┌─ Dataset section

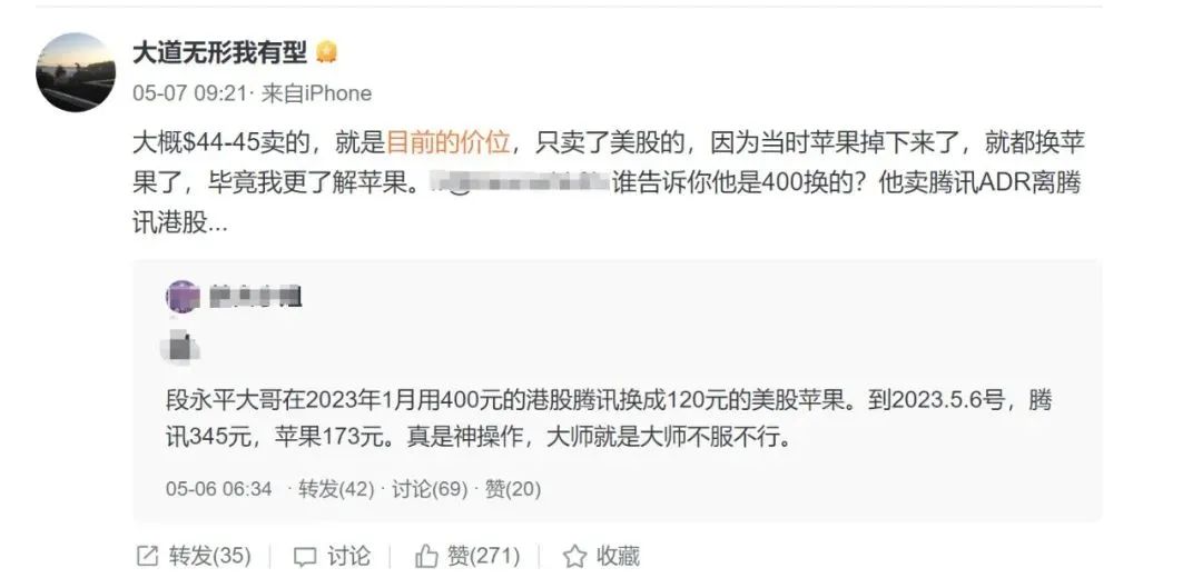 而就在腾讯控股2023年初持续反弹之际,他却在平台上表示,“美股的腾讯基本上全部换到苹果了,港股的还没动。”
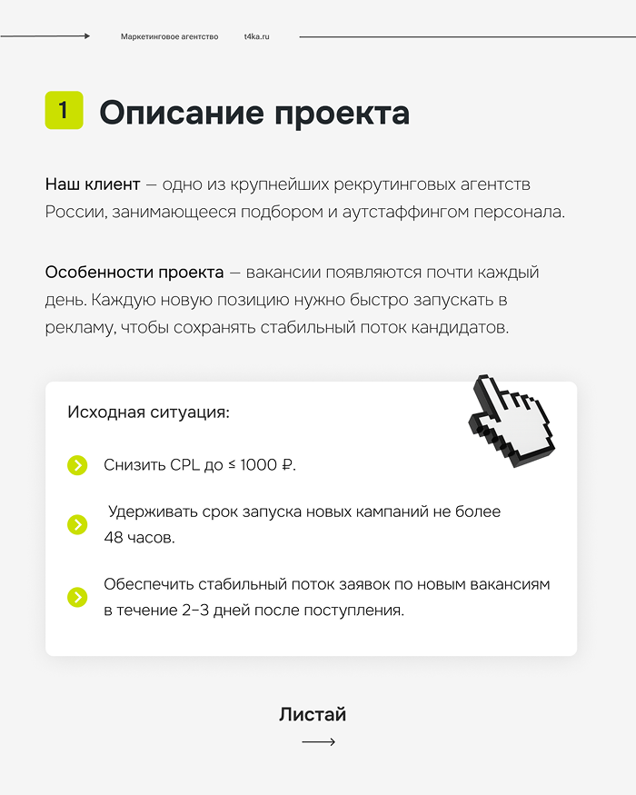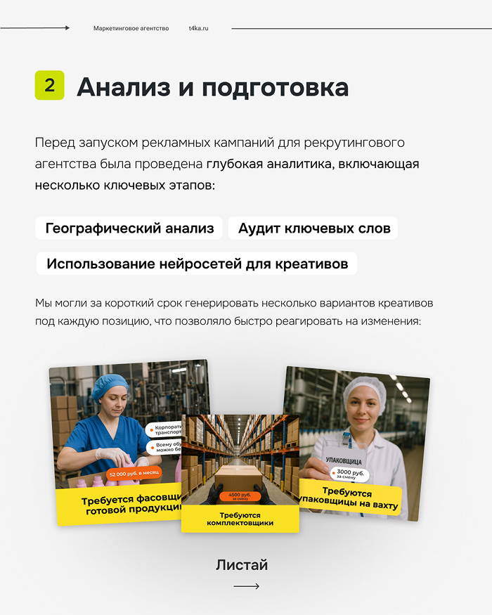 Особенности проектаю. Вакансии появляются почти каждый день, охватывая разные профессии — от рабочих до специалистов. При этом рекламные кампании ведутся под брендом агентства, без указания конкретного работодателя. Каждую новую позицию нужно быстро запускать в рекламу, чтобы сохранять стабильный поток кандидатов.
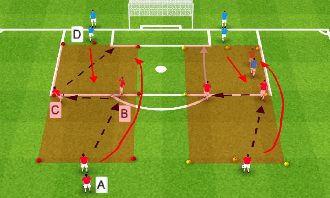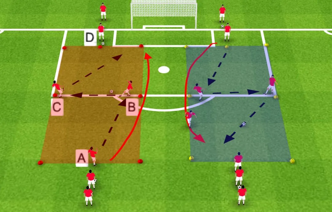 2. 球员A开始训练,他有两个传球选择(球员B或C),如果是传给球员B,则球员D要上前给予球员B防守压力,球员B接球后将球传给另一侧的球员C,球员C传球给后插上的A。

└─

■ Directions for this task ■
Make an exact reproduction of the listing above, without any pictures.

■ Your response ■
 而就在腾讯控股2023年初持续反弹之际,他却在平台上表示,“美股的腾讯基本上全部换到苹果了,港股的还没动。”
 Особенности проектаю. Вакансии появляются почти каждый день, охватывая разные профессии — от рабочих до специалистов. При этом рекламные кампании ведутся под брендом агентства, без указания конкретного работодателя. Каждую новую позицию нужно быстро запускать в рекламу, чтобы сохранять стабильный поток кандидатов.
 2. 球员A开始训练,他有两个传球选择(球员B或C),如果是传给球员B,则球员D要上前给予球员B防守压力,球员B接球后将球传给另一侧的球员C,球员C传球给后插上的A。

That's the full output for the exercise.